Roy Orchard Woodruff (March 14, 1876 – February 12, 1953) was a politician and soldier from the U.S. state of Michigan.

Woodruff was born of English and Scottish ancestry to Charles Woodruff and Electa A. (Wallace) Woodruff in Eaton Rapids, Michigan. He attended the common schools and the high school of Eaton Rapids, and apprenticed to the printing business from 1891 to 1899. He enlisted as a corporal in Company G, Thirty-third Regiment, Michigan Volunteer Infantry, during the Spanish–American War. He saw active service and was mustered out.
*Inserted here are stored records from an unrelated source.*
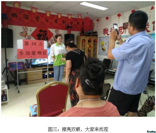 歌声仍在回荡,爱眼主题环节隆重登场。跟着社工,载着回忆,伴着眼保健操的音乐,大家认认真真地坐着眼保健操。别说,还真像是回到了当初的课堂!短短的四节眼部按摩过后,残疾人朋友纷纷表示眼部的肌肉舒缓了好多。
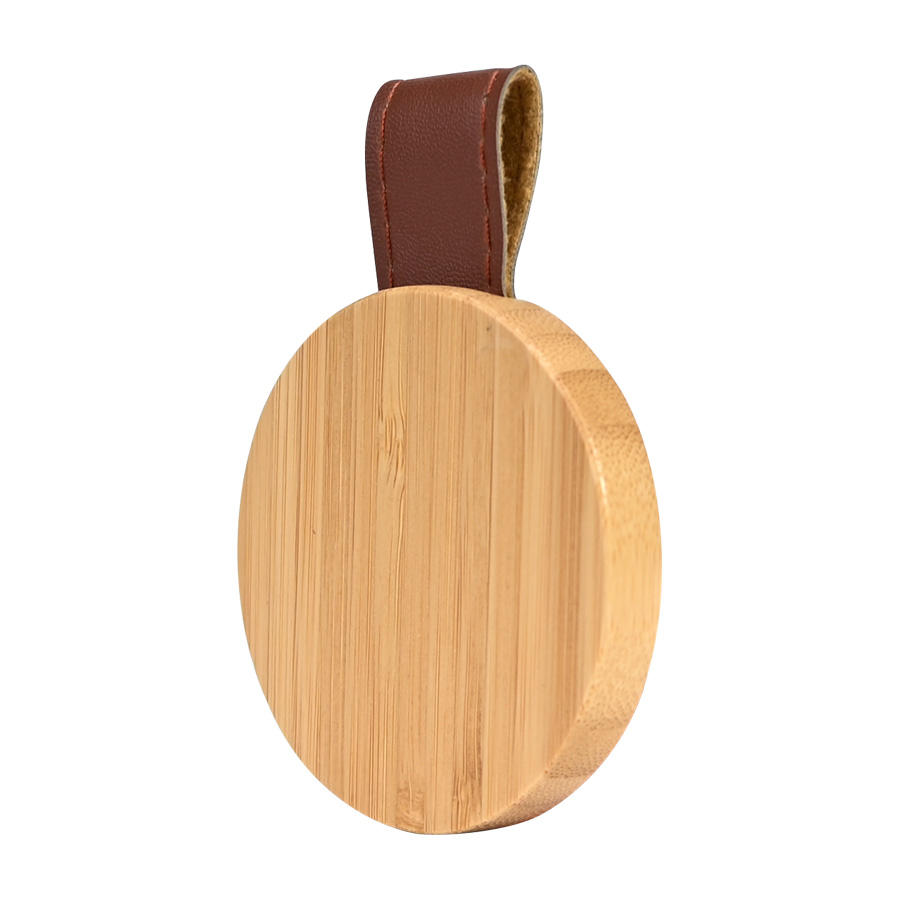 Espejo redondo con cuerpo de madera de Bamboo y correa de Eco-Cuero café.
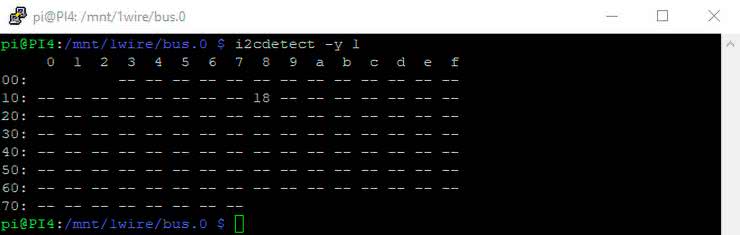 Szybkie sprawdzenie można wykonać przy pomocy Raspberry Pi. Po podłączeniu modułu do magistrali I²C i zasileniu napięciem 3,3 V, używając pakietu i2c-tools, poleceniem i2cdetect -y 1 sprawdzamy obecność układu na magistrali, powinien być obecny pod ustawionym domyślnie adresem 0x18, jak pokazano na rysunku 4.
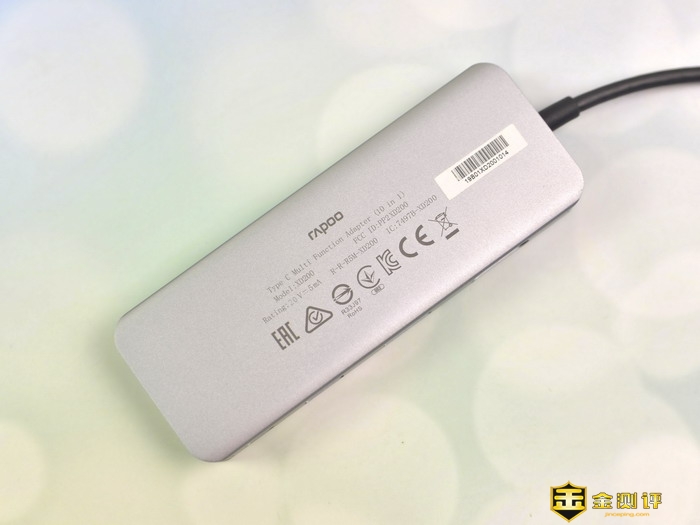 雷柏XD200 USB-C 10口扩展坞的背面,印有相关的规格参数信息。
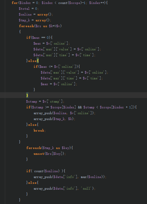 就这段代码来说, 很难通过大致观察就理解代码的意思 , 代码之中光循环就套了3层, 而且还有多处复杂的条件判断,代码格式混乱,连编码的底线缩进都没有满足。 可悲的是这种类型的代码广泛存在于全球范围内无数Web服务器之上, 每天运行着。
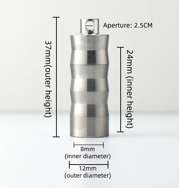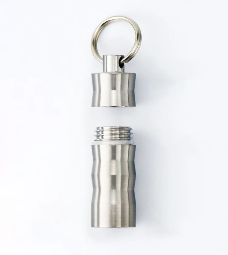 Weighs only 9g! Features a drilled top for attaching chains/keyrings (free keyring included). Perfect as a pill case, perfume vial, or jewelry holder.
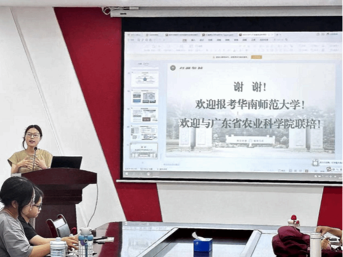 广东省农业科学院作为联培项目的重要合作方,凭借其在农业科研领域的深厚积淀,为该项目提供了强有力的实践支撑。宣讲中,省农科院蔬菜研究所李涛老师详细介绍了与华南师范大学联合培养项目的培养目标、课程设置、科研平台及就业优势,重点解读了“双导师制”特色——由两院专家共同指导,助力学生将理论知识转化为实际科研能力,培养更符合农业领域需求的复合型科研人才。
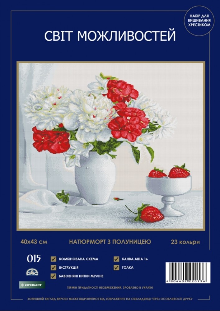 015 SM-N Наб. д/виш. “НАТЮРМОРТ з ПОЛУНИЦЕЮ” — DMC (40 * 43 см)
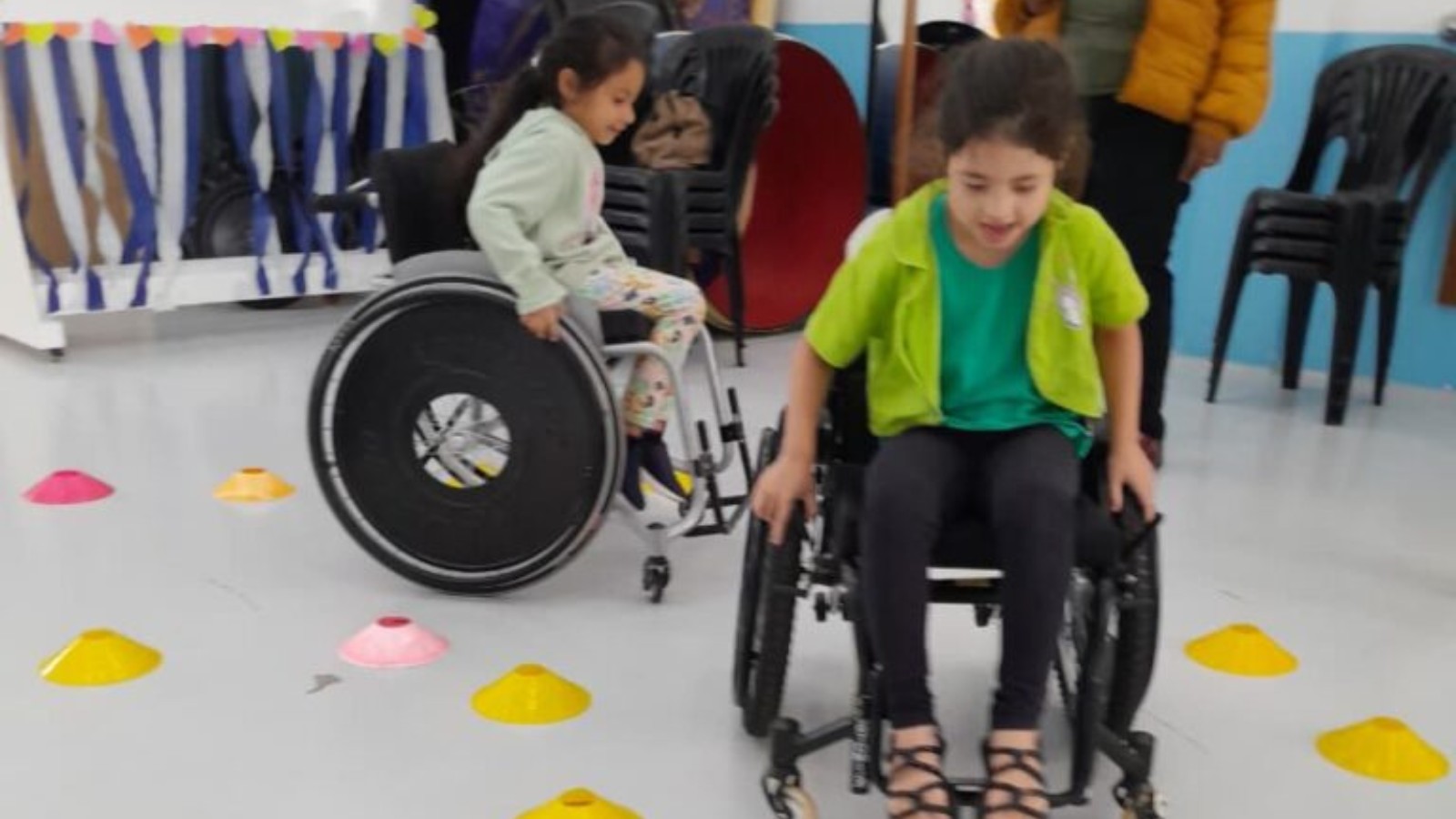 Além de poderem conhecer as instalações da sede da Adefip, os alunos também participaram de dinâmicas como circuito com cadeira de rodas, circuito de olhos vendados e peso na perna simulando dificuldade motora, vivências de grande importância para a conscientização das crianças sobre inclusão e respeito.
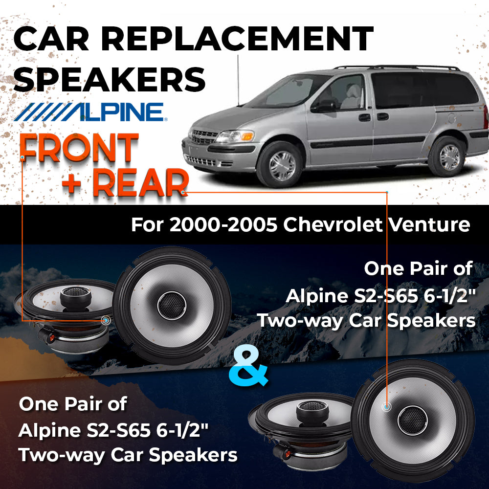 CAR REPLACEMENT SPEAKER PACKAGE FOR 2000-2005 for Chevrolet Venture VEHICLES THIS PACKAGE INCLUDES THE FOLLOWING: Alpine S2-S65...
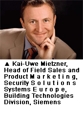 Siemens uses connectors, a type of software interface that allows system integrators to combine the existing external system with their security platform. "This is called SOAP, a protocol for exchanging XML-based messages over computer networks, normally using HTTP/HTTPS," explained Seidl. "Itˇs a control interface to connect all subsystems, sensors and external databases together. Itˇs an open interface. The implementation of the IT part is done by the integrator setting up the database and hardware networking."
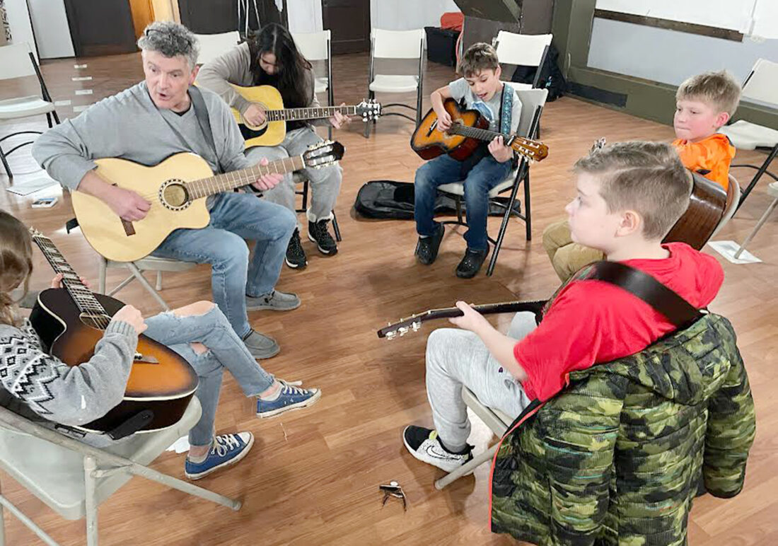 Submitted photos Seth Maynard teaches a youth strings program being offered by the Augusta Heritage Center in its new facility in downtown Elkins, the historic Wilt Building on Davis Avenue.
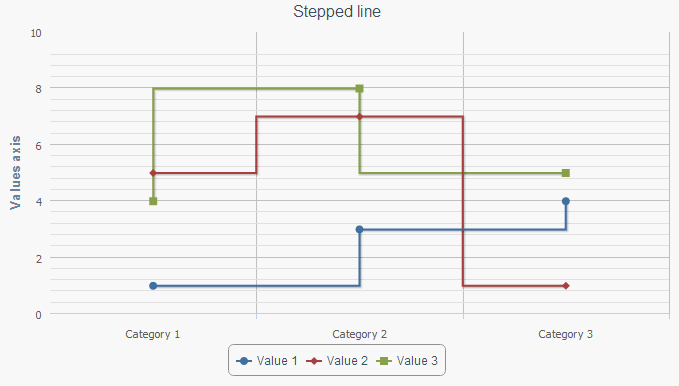 Different step position relative to series points is set for each data series: on the left, in the center and on the right.
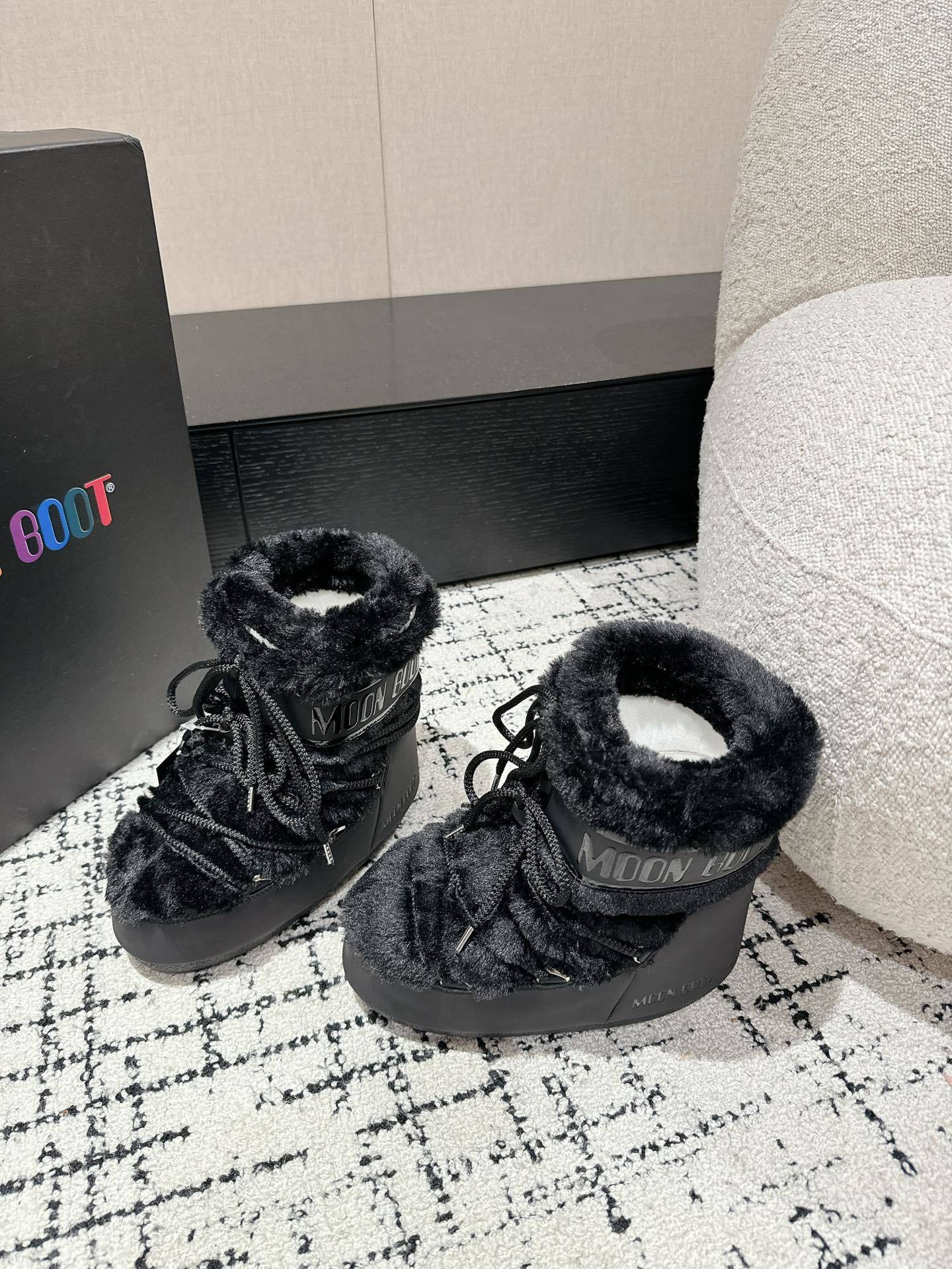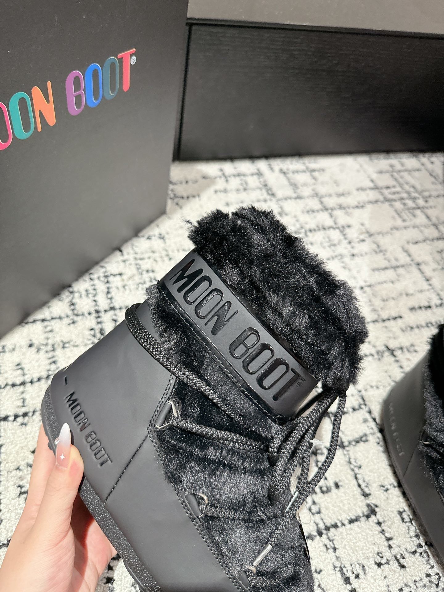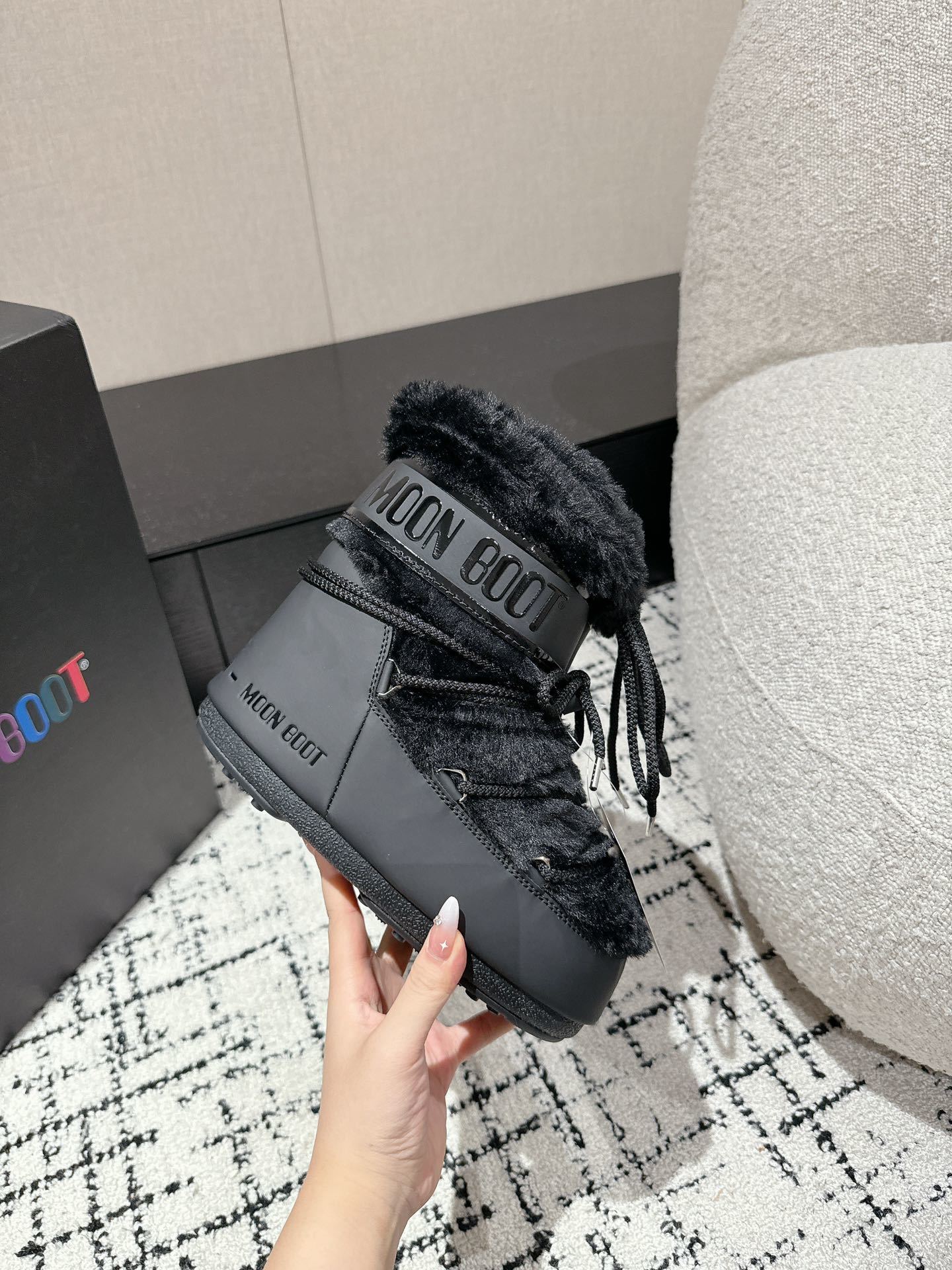 La colorazione black dona un look essenziale e contemporaneo, facilmente abbinabile a qualsiasi outfit, dal casual urbano all’après-ski. La chiusura stringata con lacci tubolari assicura una calzata stabile e regolabile, mentre la struttura imbottita e termoisolante mantiene il piede caldo anche nelle giornate più fredde.

Woodruff graduated from the dental department of the Detroit College of Medicine in 1902 and practiced dentistry in Bay City from 1902 to 1911. On 26 April 1905 he married Vera May Hall, the daughter of Michigan Republican State Central Committee member De Vere Hall. He was mayor of Bay City from 1911 to 1913.

In 1912, Woodruff defeated incumbent Republican U.S. Representative George A. Loud to be elected as the candidate of the Progressive Party from Michigan's 10th congressional district to the 63rd Congress, serving from March 4, 1913, to March 3, 1915. Woodruff and William J. MacDonald (12th district) were the only two Michiganders elected to the U.S. House from the Progressive Party. He was not a candidate for re-nomination in 1914 and served for two years in the First World War as an Infantry officer, acquiring the rank of major during his service in France.

In 1920, Woodruff returned to Congress, elected as a Republican from the same district to the 67th Congress. He was subsequently re-elected to the fifteen succeeding Congresses, serving from March 4, 1921, to January 3, 1953. On June 11, 1921, just three months after returning to office, he married his second wife Daisy E. Fish. He was re-elected unopposed in 1922 and 1926 and was alternate delegate to Republican National Convention from Michigan in 1940. He was not a candidate for re-nomination in 1952 to the 83rd Congress.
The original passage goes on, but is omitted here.